A federal appeals panel has ruled judges should be more willing to force so-called "copyright trolls" to pay the legal bills of companies who successfully defend against a lawsuit under the federal Copyright Act.
On Aug. 11, a three-judge panel of the U.S. Seventh Circuit Court of Appeals ruled the Cremation Society of Illinois should be allowed to pursue legal fees after prevailing in a lawsuit against a “copyright troll” that sued the Society under the Copyright Act.
The underlying legal dispute pitted the society and other defendants against Live Face on Web, which sued companies that paid $328 to license a piece of its computer code. In this action, one of about 200 copyright suits in almost 30 federal district courts, Live Face on Web sought at least $438,000 in damages.
Live Face sued the Cremation Society in 2016.
The Cremation Society operates 10 cremation centers in Chicago and its suburbs. The company also does business as Pets Are Family Too Cremation Services.
U.S. District Judge John Blakey ruled that since the Society only prevailed due to an intervening Supreme Court decision, an award of legal fees wouldn’t serve the purpose of a fee-shifting provision in the federal law, in part intended to discourage nuisance litigation.
The defendants asked the U.S. Seventh Circuit Court of Appeals to review Blakey’s ruling. Judge Thomas Kirsch wrote the panel’s opinion, issued Aug. 11; Judges Michael Scudder and Candace Jackson-Akiwumi concurred.
“The Copyright Act authorizes prevailing parties to recover their costs and fees,” Kirsch wrote. “This makes sense: A copyright holder who successfully enforces her rights encourages others to use the copyright system, fostering further innovation. At the same time, a defendant who successfully protects his rights to use things in the public domain necessarily gives others a license to do the same. And no matter who prevails, copyright law writ-large benefits from definitive adjudications. By encouraging parties to stand on their rights, the Act’s symmetrical fee-shifting provision advances its core purposes.”
The panel said federal judges must consider “four nonexclusive factors” regarding fee award requests in Copyright Act litigation: If the suit was frivolous, the losing party’s motivation, whether the losing party’s claims were objectively unreasonable and “the need to advance considerations of compensation and deterrence.”
Copyright claims have unbalanced recovery possibilities, the panel continued, because while someone suing over having their copyright infringed can recover financial damages, a prevailing defendant can only recover the right to keep using something they’ve already created. Allowing such defendants to seek compensation for the cost of their defense relieves the pressure to abandon “meritorious defenses and throw in the towel because the cost of vindicating” exceeds the private benefit of legal victory.
“The parties slugged it out in district court for more than five years,” Kirsch wrote. “While summary judgment was pending, Live Face moved to dismiss its own suit with prejudice. It argued that a (2021) Supreme Court case — Google LLC v. Oracle America — cut the legs out from under its claims” because its holding made the Society’s fair-use defense insurmountable.

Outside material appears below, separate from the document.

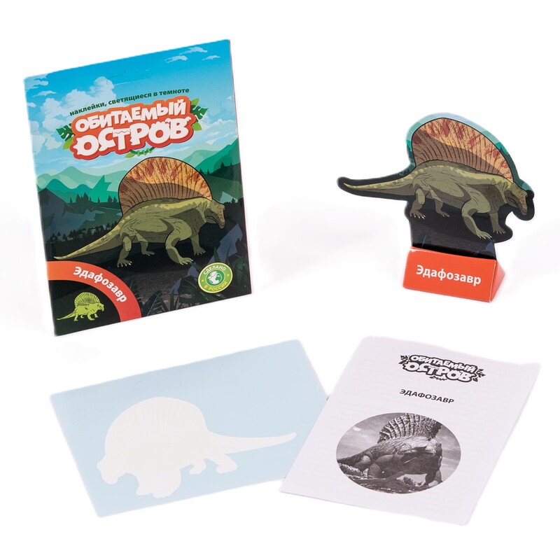 Набор «Обитаемый остров» от компании «Планета» упакован в яркий дизайнерский конверт. Внутри вы сможете найти: картонную фигурку динозавра, подставку для игрушки, наклейку с изображением птеродактиля, светящуюся в темноте и небольшую брошюру, в которой подробно дано описание этого вида древних ящеров. Набор предназначен для детей от 3-х лет.

But while Blakey agreed a fee award was improper because the Google litigation changed the playing field, the panel said “Live Face all but concedes that if the Supreme Court had granted review here rather than in Google, the outcome would have been the same. That Google got to the court first is thus of no significance to our presumption, which exists to encourage parties to prevail on meritorious claims and defenses.”
The panel further said Blakey didn’t “meaningfully test Live Face’s assertion,” but simply accepted its conclusion. Further, it noted the Society and co-defendants raised several other contentions aside from fair use and Live Face didn’t ever argue the Google ruling was the sole reason it couldn’t prevail.
“Whether to award fees is a matter for the district court’s discretion, but our presumption places a heavy thumb on the scale in favor of doing so for a prevailing defendant,” Kirsch wrote. “On this record, we cannot tell whether the defendants were given the full benefit of that presumption.”
Furthermore, the panel said, an analysis of the four factors disfavored Live Face, with Kirsch noting the present “suit bears all the hallmarks of a copyright troll at work.”
The panel vacated Blakey’s denial of the fees and remanded the complaint for reconsideration “with the benefit of our views.” Should Blakey determine a fee award is proper, “any such award must include the fees incurred in bringing this appeal.”
Live Face on Web has been represented by attorney Ryan Santurri, of Allen Dyer Doppelt Milbrath & Gilchrist, of Orlando, Florida.
Cremation Society is represented by attorney attorney James K. Borcia, of Tressler LLP, of Chicago.